Report Principles Of Operation Of An Os

Published Date: 02 Nov 2017

Multiprocessor Systems are known as parallel or tightly coupled systems. They are different than single processor systems because they have two or more processors in close communication often sharing the computer bus and more importantly the clock, memory and peripheral devices of the computer. Such operation has some distinct advantages over single processor systems which are:

Increased throughput: Increased number of processors allow for an increase of performance in the system. Although the performance gain isn’t additive, because we have to worry about keeping different parts working correctly, as well as competition for the same recourses lead to a gain but not one which the user would expect.

Economy of scale: Using multiprocessors we can save a significant amount of money, by having the system share mass storage, peripherals and power supplies. If a significant amount of programs use the same set of data, it would be cheaper to have one disk and share the data, than having different computers with single processors having to copy data on their own disk.

Increased reliability: If we can share the functions correctly among the processors the failure of one, would not stop the system, it would only slow it down. Thus by having two or more processors, the system would still continue operation.

The operating system is generally accepted as the software you receive when you buy a computer; however that concept is no longer true, as several extra applications are already installed on a computer that you buy, and vary greatly between OS. Thus the most correct notion of what is an OS is that the OS is the only program running all of the time on a computer (known as the kernel). Applications usually provide extra functionality, and they cannot be an integral part of the OS. A web browser is not necessary for an OS to work properly, even though many OS have it as part of them now. An OS needs only the absolutely necessary programs to run, and by using different applications we can increase functionality.
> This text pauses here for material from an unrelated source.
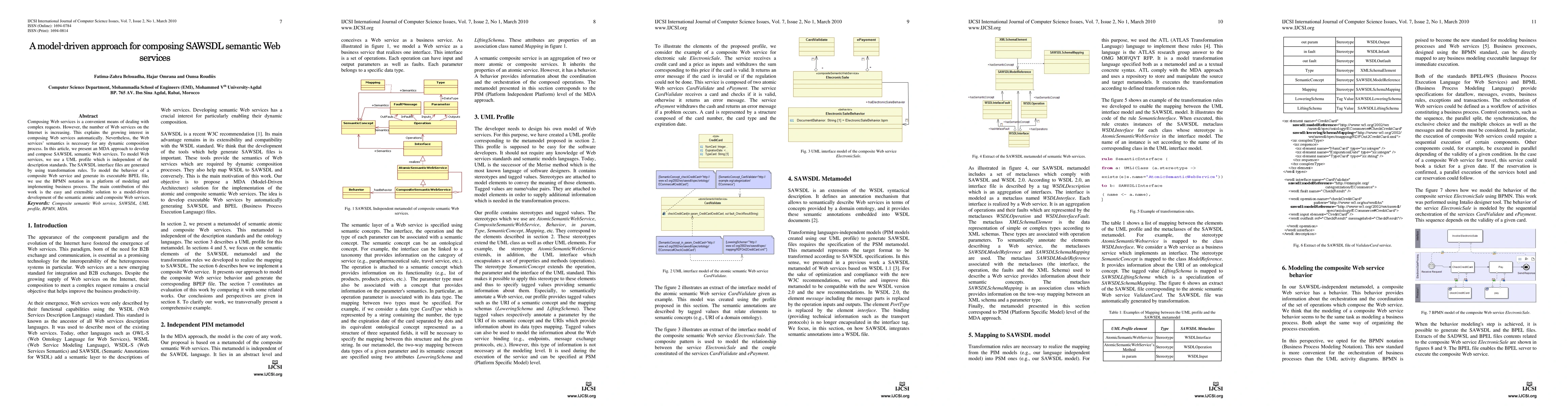 The paper presents a model-driven architecture (MDA) approach for developing and composing SAWSDL semantic Web services using UML profiles, transformation rules, and BPMN for behavior modeling.
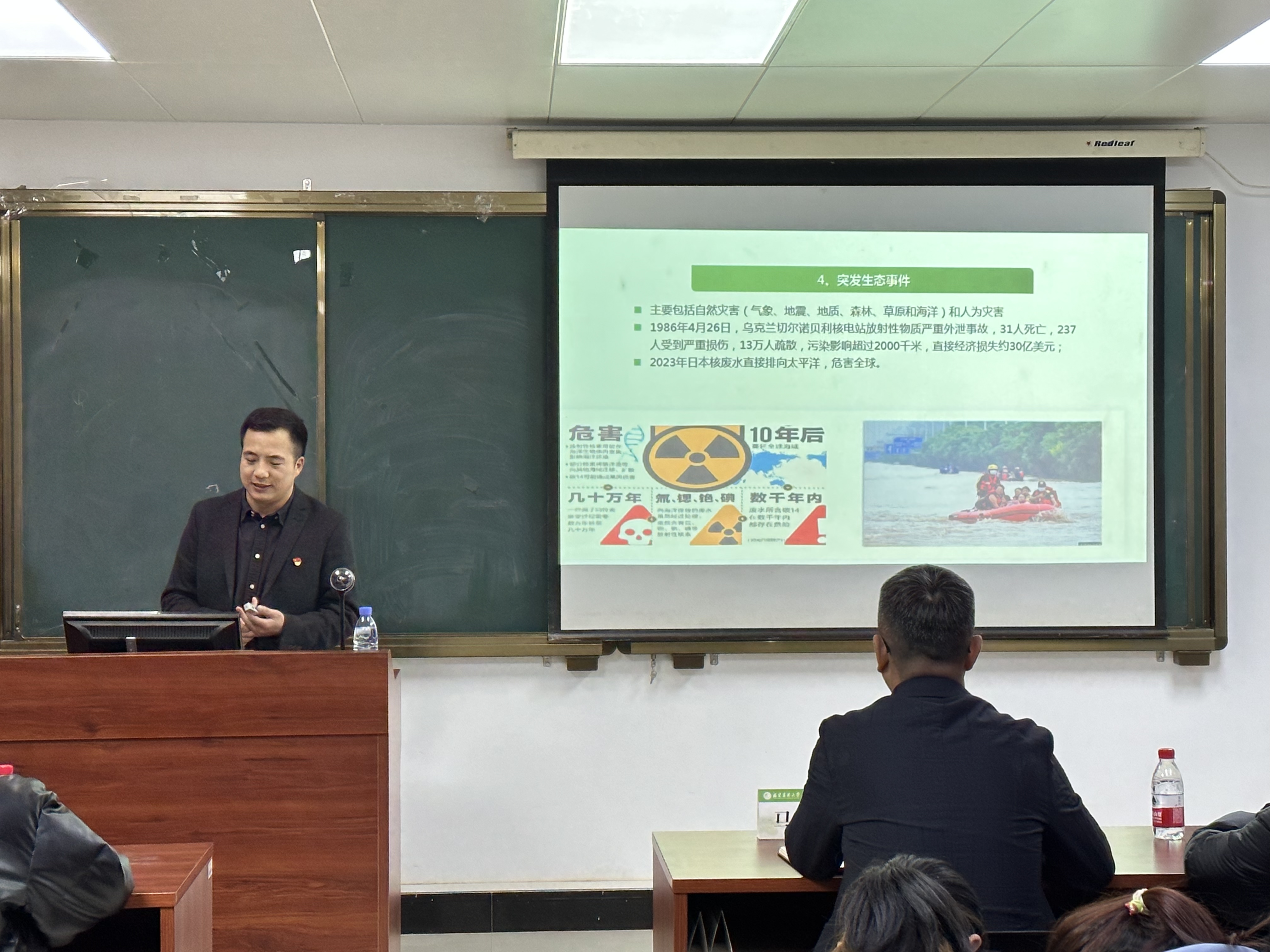 揭牌仪式结束后,马克思主义学院老师黄登良以《围绕维护生态安全与青年使命担当》为主题,为研习社学员授课。他以坚持总体国家安全观为背景,围绕生态安全,结合开云网页版师生践行绿色生态理念的具体案例,阐释了当代青年大学生的使命担当。

When a computer starts it needs an initial program to run with, typically called bootstrap program. This program is pretty simple and it’s stored in ROM. The bootstrap loads the OS and start executing it, by loading the kernel into memory and waits for an event to happen. Then an interrupt from the hardware or the software occurs signalling the event that was expected. Hardware can trigger an interrupt by sending a signal to the CPU from the system bus. Software can execute an interrupt by using a system call. Then the CPU stops what it is doing and transfers execution to the location containing the starting address where the service routine for the interrupt is located. On completion the CPU continues the interrupted execution. //enough for interrupts?

Structural Organization

Monolithic structure: This structure is mostly used by systems that are small and simple, mostly limited systems that go beyond their original scope. They are written to provide the most functionality in the least amount of space. A typical example is MS-DOS with a picture of the structure below.

Image courtesy of Operating Systems Concepts.

Because the interfaces are not well separated applications programs can access the basic I/O routines and write directly to the disk or the display. Freedom like that leaves the system vulnerable to malicious applications, in some cases causing the system to crash. However MS-DOS was limited in this respect by the hardware of the era, for example the Intel 8088 did not offer dual-mode or hardware protection. Another example is the UNIX kernel which provides the file system, CPU scheduling, memory management and many more OS functions through system calls. That is an exorbitant amount of functionality combined into one level. The monolithic structure was very difficult to implement and to provide maintenance.

Layered Approach: This approach divides the OS into different layers or levels. This in turn allows the OS to retain a greater amount of control over the programs that use the computer. Also implementers have more freedom to change the system and programmers can implement low level methods more easily. A layered approach leaves the different layers only able to invoke operations on lower level layers, and their methods only being able to be invoked by higher level layers. The main advantage this approach has is simplicity of construction and debugging. The layers only have access to functions on lower level layers. When the first layer is debugged and a bug is found on a higher level layer it is assumed that the bug is on that particular layer because the layers below are debugged. Ergo the design and implementation are simplified. And because a layer does not need to know how different operations are implemented on lower level layers it can hide different data structures and operations from higher level layers.

However there are some problems with this approach. Firstly the definition of different layers is crucial because a layer can only use lower level layers. An example from the Operating System Concepts is this: "the device driver for the backing store must be at a lower level than the memory management routines, because memory management requires the ability to use the backing store." This is a major difficulty that must be considered. Also the layered approach is less efficient than other types. When a user application executes a basic I/O instruction, the system call has to pass through all the layers to reach the hardware and each pass adds overhead, and in turn this takes longer on the layered systems than non-layered systems.

Microkernel Approach: This approach removes all the unnecessary components from the kernel and adds them as system programs or user-level programs, the end result being a smaller kernel. These kernels provide minimal process and memory management and a communication facility. The communication facility is between client space and different services that are running in the user space. Communication is provided by ‘message passing’. The client programs and service interact indirectly by exchanging messages with the microkernel. One benefit of the microkernel is that it is easy to extend an OS. Every new service is added to the user space with no modifications to the kernel, and if the kernel needs to be modified there are fewer changes because it is a smaller kernel. Furthermore the microkernel approach provides more security and reliability. As most services are running as user, if a service fails the OS can continue to work with no problems. Nevertheless the microkernel can suffer from performance issues, due to the increased system function overhead.